According to some embodiments, the mouthpiece defines a recessed portion that forms a flow inlet when the mouthpiece is inserted into the insertion opening of the housing.

According to some embodiments, the through hole of the mouthpiece opens in a recessed portion.

Due to this feature, a flow inlet can be easily formed by the space formed between the mouthpiece and the device body.

According to some embodiments, the device body defines an insertion opening on one of its ends suitable for receiving a portion of the aerosol-generating substrate;

When received within the insertion opening, the aerosol-generating substrate forms a portion that protrudes from the device body, and the protruding portion forms a mouthpiece.

Due to these features, some of the aerosol-generating substrates can be used as mouthpieces.

According to some embodiments, the flow inlet is positioned toward the vent of the aerosol-generating substrate.

Due to this feature, if the aerosol-generating substrate is provided with vents, these vents can be directed towards the flow inlet and thus exposed to fresh air.

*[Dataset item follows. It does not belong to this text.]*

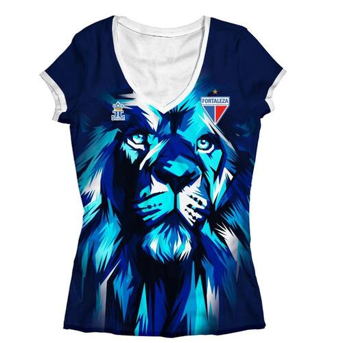 A camisa do Fortaleza feminina é de mangas curtas, com gola V.

According to some embodiments, the air flow path has an upstream portion extending from a flow inlet to a proximal end of the aerosol-generating substrate when the aerosol-generating substrate is inserted into the heating chamber, and from the proximal end through the aerosol-generating substrate to a flow outlet. Comprising an extending downstream portion;

Preferably, the upstream portion of the air flow path extends through the open end of the heating chamber.

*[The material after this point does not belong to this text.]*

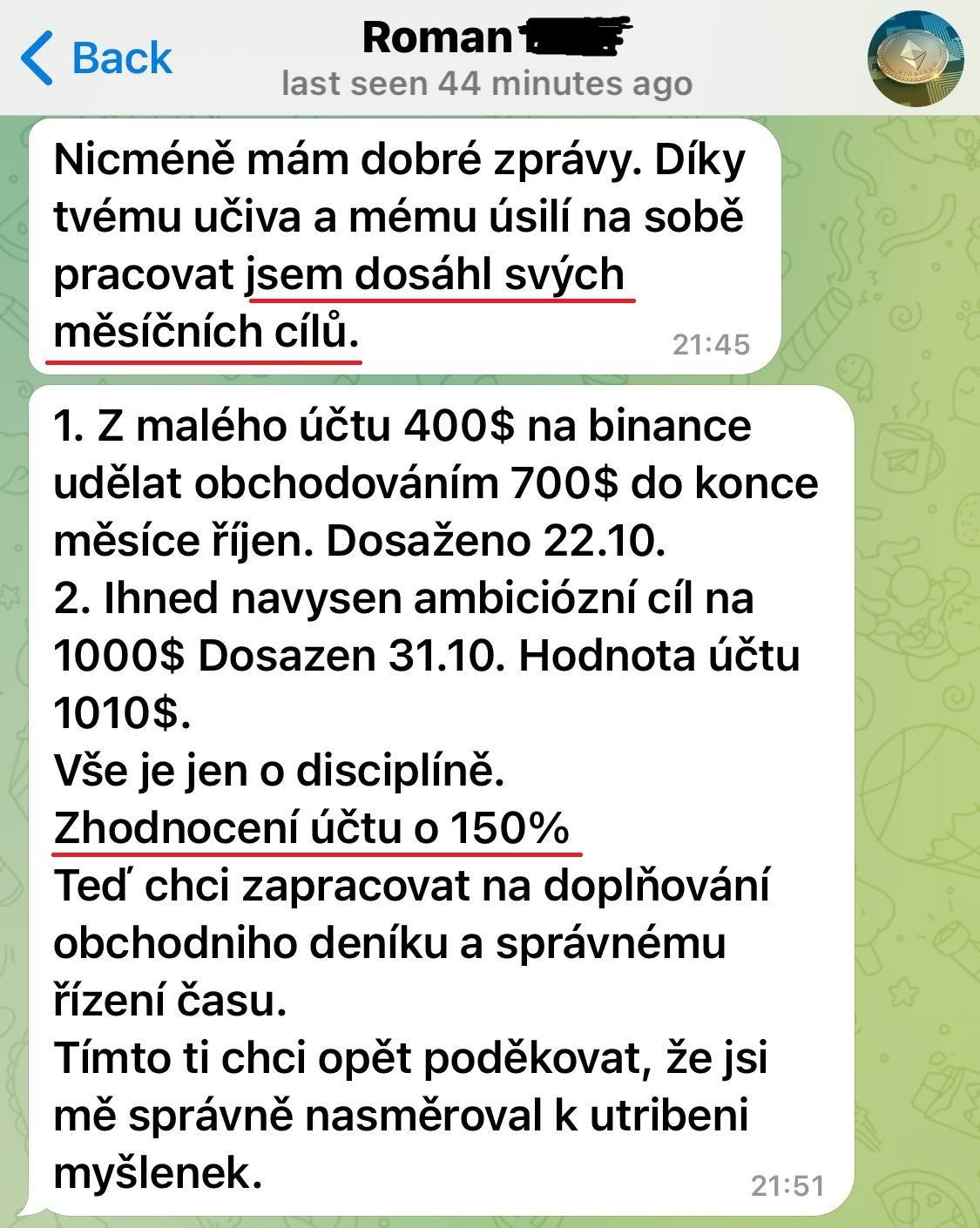 Pojďte se podívat jak vypadá reálný trading. Dívejte se mi pod ruce a do mé hlavy při mém obchodování. Sdílím každý můj vstup i výstup živě se všemi členy trading roomu.

Due to this feature, the air flow path can enter and exit by the same open end of the heating chamber. The heating chamber thus provides, in particular, an air-impermeable cup with only one open end.

According to some embodiments, at least a portion of the upstream portion of the air flow path extends out of the aerosol-generating substrate through the heating chamber.

Due to this feature, this part of the upstream part can conduct fresh air from the outside of the device, thereby reducing the surface temperature of the side wall.

According to some embodiments, the heating chamber extends along the device axis and has a rectangular cross-section having a pair of chamber side walls opposed to each other and a pair of chamber contact walls opposed to each other and intended to contact the substrate contact wall of the aerosol-generating substrate. Limit the shape.

Due to these features, the aerosol-generating substrate can be heated uniformly inside the heating chamber.

According to some embodiments, said portion of the upstream portion of the air flow path extends between at least one chamber side wall and the aerosol-generating substrate.

Due to this feature, fresh air can be conducted inside the heating chamber to the proximal end of the aerosol-generating substrate, and then from the proximal end into the interior of the substrate, without passing through the substrate. Therefore, at the inlet portion of the aerosol-generating substrate, the air is already preheated, and hot air can be uniformly injected into the substrate.

According to some embodiments, the sealed end of the heating chamber forms a transition between the upstream and downstream portions of the air flow path.

According to some embodiments, the sealing end defines stopping means that prevent contact of the proximal end of the aerosol-generating substrate with the distal wall of the heating chamber sealing it at the sealing end;

Preferably, the stop means is formed in the round shape of the distal wall or as a rib extending from the distal wall.

According to some embodiments, the sealing end defines stop means adapted to form a space between the sealing end and the side of the aerosol-generating substrate facing the sealing end when the aerosol-generating substrate is inserted into the heating chamber.

According to some embodiments, the air flow path includes a transition portion that extends into the interior of the space between the seal end and the side of the aerosol-generating substrate facing the seal end when the aerosol-generating substrate is inserted into the heating chamber. The transition portion may fluidly connect the upstream portion of the air flow path to the downstream portion. For example, the transition portion forms a turn in the flow direction between the upstream portion and the downstream portion, having an angle substantially equal to 180 degrees.

According to some embodiments, the transition portion of the air flow path forms a substantially U shape in cross-section including the device axis.

One or several of these features may cause the direction of flow to be reversed from the sealed end to the interior of the heating chamber. Accordingly, the flow can be forced to take a “U” turn and enter the interior of the aerosol-generating substrate.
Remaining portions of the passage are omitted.